Migration 098 creates both roles with NOBYPASSRLS / BYPASSRLS correctly, but roles without passwords cannot be logged in as. v8.0.0 ships scripts/operators/provision-app-role.sh to set passwords on both roles via ALTER ROLE ... WITH PASSWORD against your live Postgres and verify connectivity as each role. Passwords are supplied by the operator (env vars APP_ROLE_PASSWORD + PLATFORM_ADMIN_PASSWORD) — the script does not generate or print them.
curl -fsSLO https://raw.githubusercontent.com/getaxonflow/axonflow-enterprise/main/scripts/operators/provision-app-role.sh
chmod +x provision-app-role.sh
# Generate strong passwords yourself (the script does not generate them):
export APP_ROLE_PASSWORD="$(openssl rand -base64 32 | tr -d '/+=' | head -c 32)"
export PLATFORM_ADMIN_PASSWORD="$(openssl rand -base64 32 | tr -d '/+=' | head -c 32)"
# Stash both passwords in your secrets manager BEFORE running.
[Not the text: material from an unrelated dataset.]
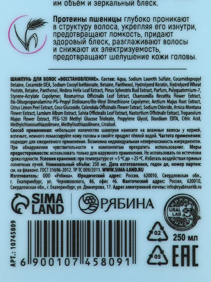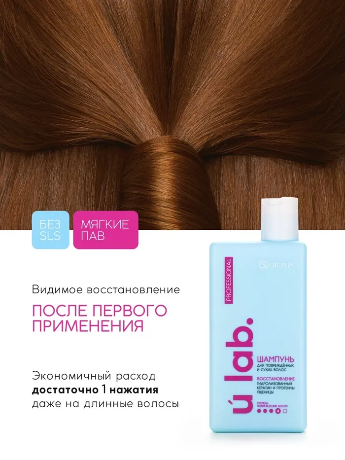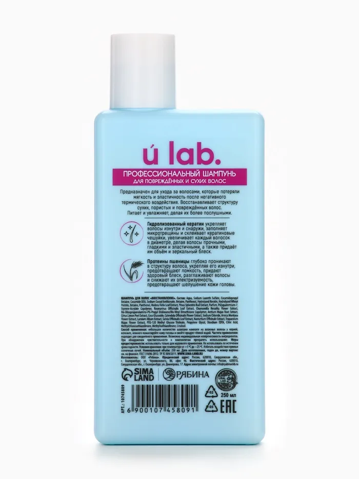 Профессиональный восстанавливающий шампунь женский, для сухих и пористых волос с кератином и протеинами пшеницы, 250 мл ULAB — Характеристики

Provide
# DATABASE_URL (or PGHOST/PGUSER/PGDATABASE) pointing at the RDS master,
# using the same construction shown in step 4 above:
DATABASE_URL="$DATABASE_URL" ./provision-app-role.sh
The script is idempotent — re-running with the same passwords is a no-op. Re-running with mismatched passwords exits 1 unless you set FORCE_RESET=1 to rotate. Stash both passwords in your secrets manager BEFORE running, otherwise you'll need FORCE_RESET=1 to recover the role.
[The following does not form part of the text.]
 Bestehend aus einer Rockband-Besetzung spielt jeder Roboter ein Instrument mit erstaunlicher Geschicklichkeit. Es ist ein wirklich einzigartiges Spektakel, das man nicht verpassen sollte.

Then construct the two DSN env vars to add to your task definitions:
AXONFLOW_DB_APP_ROLE_URL=postgres://axonflow_app_role:$APP_ROLE_PASSWORD@<host>:5432/axonflow?sslmode=require
AXONFLOW_DB_PLATFORM_ADMIN_URL=postgres://axonflow_platform_admin:$PLATFORM_ADMIN_PASSWORD@<host>:5432/axonflow?sslmode=require
Store both in your secrets manager (AWS Secrets Manager, GCP Secret Manager, HashiCorp Vault, etc.) and reference them from your agent + customer-portal task definitions:
- CFN-deployed stacks: store as two new secrets
axonflow/<stack>/app-role-urlandaxonflow/<stack>/platform-admin-url; reference viaSecrets:in the task def YAML. - Docker Compose: load via
.envfile or--env-fileflag. - Kubernetes: mount as Secret-backed env vars.
If you want to defer the role flip (run v8.0.0 binary on v8.x runtime semantics), skip this step and add AXONFLOW_DB_USE_APP_ROLE=false to your task definitions instead. The same task defs will accept the app role later when you populate the DSN secrets and remove the false pin.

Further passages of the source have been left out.